In any case, other scientists after Leonardo, who arrived at similar conclusions, received the credit.

Leaving a paper trail—sharing knowledge with others—is a critical part of science. Leonardo himself wrote, “Avoid studies of which the result dies with the worker.” But for many reasons, he never submitted his work for judgment by the outside world.

Still, it is hard to argue with the notion that, had the notebooks been published earlier, the history of science would have been completely different. Anyone, not just hardcore scientists, who sees pages of a Leonardo notebook is spellbound. People want to run out and do an experiment or draw something from nature. Even today, scholars studying the notebooks are unveiling more and more connections between Leonardo’s thoughts and current science. One historian called him “a man who wakes too early, while it is still dark and all around are sleeping.”

Okay, he was a genius; this much is obvious. But does that explain Leonardo da Vinci? No. Someone so phenomenally gifted will always evade rational explanation.

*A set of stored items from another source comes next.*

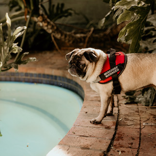 Sage’s harness, on the other hand, read “Mischief Managed,” which couldn’t have been more fitting for a pug with a big personality and curious eyes.
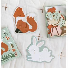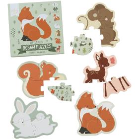 Set mit fünf Waldfreunde-Puzzles speziell für die Kleinen ab 2 Jahren. Jedes Waldfreunde-Puzzle besteht aus 3 bis 5 grossen Puzzleteilen. Die Puzzleteile sind aus dicker Karton gefertigt - ideal für kleine Hände. Eine super lustige Aktivität, die Ihr Kind lange beschäftigen wird und gleichzeitig sehr lehrreich ist. Das Puzzeln erfordert Aufmerksamkeit, Konzentration und Geduld und fördert ihre Mobilität und die Suche nach Möglichkeiten und Lösungen. Die Puzzles werden in einer hochwertigen Box geliefert und sind eine tolle Geschenkidee!
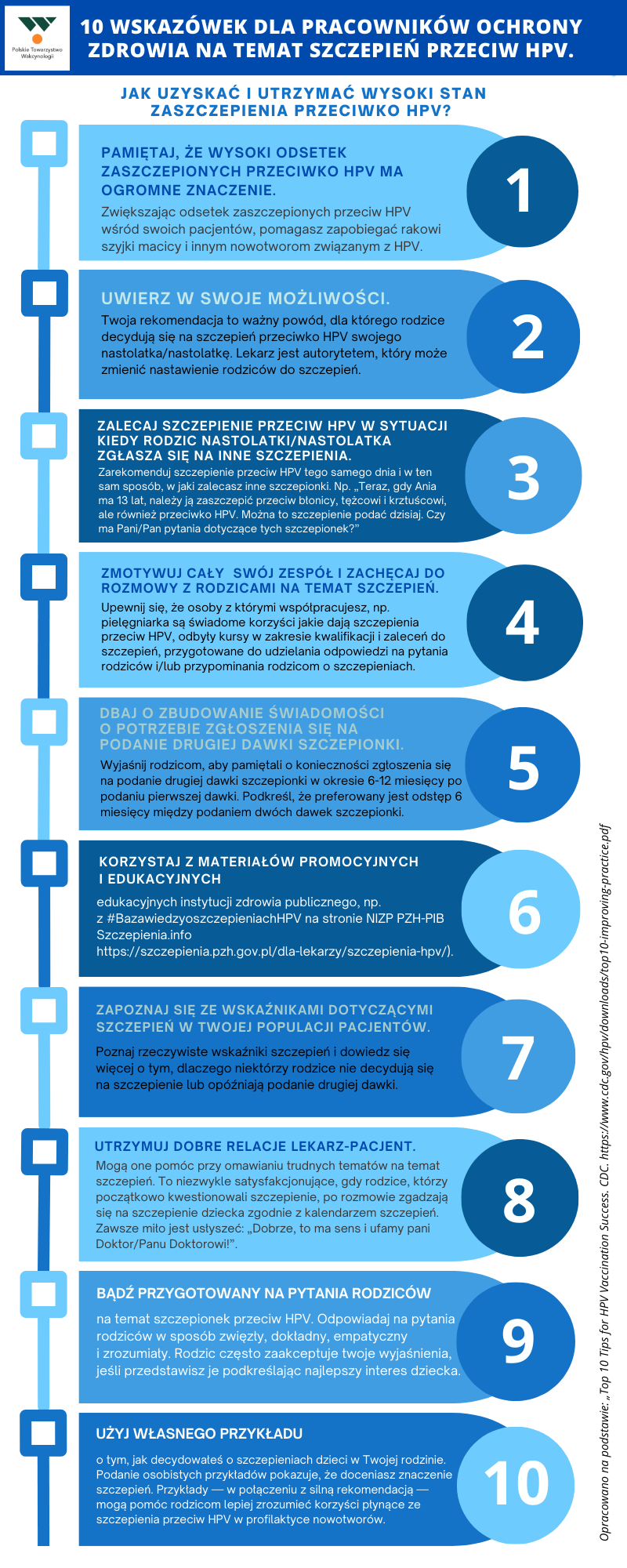 Opracowano na podstawie: „Top 10 Tips for HPV Vaccination Success„. CDC.
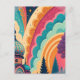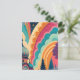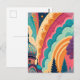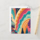 This customizable postcard features a bold, full-color crop of an original fantasy illustration—highlighting a majestic dome, stylized forest silhouettes, and swirling pastel waves in vibrant hues of teal, coral, plum, and saffron. This composition zooms in on color, form, and emotion, offering a more abstract, art-forward aesthetic ideal for creative communication, packaging, and events.

True, he was like a surfer on a huge wave—the spirit of intellectual tolerance fostered by the Renaissance, the empowering access to information supplied by the new printing presses. Yet he always remained out of step: a left-handed, illegitimate, homosexual, antiwar vegetarian with extraordinary artistic talent. His outsider status took him on paths others couldn’t even see.

So many tantalizing questions remain. If he had lived a century later, would he have been less of an outsider, more influential as part of the scientific mainstream? Would he
ever
have shared? Submitted his theories for review by peers? Published his work in a scientific journal?

In the final analysis, Leonardo can be credited not so much for specific discoveries as for a way of thinking. His devotion to scientific methods—investigating, observing, experimenting, and then forming conclusions—was revolutionary. He was open-minded, willing to toss out long-standing theories if he could disprove them.

Most intriguing of all is the question: What would Leonardo be doing if he were alive today?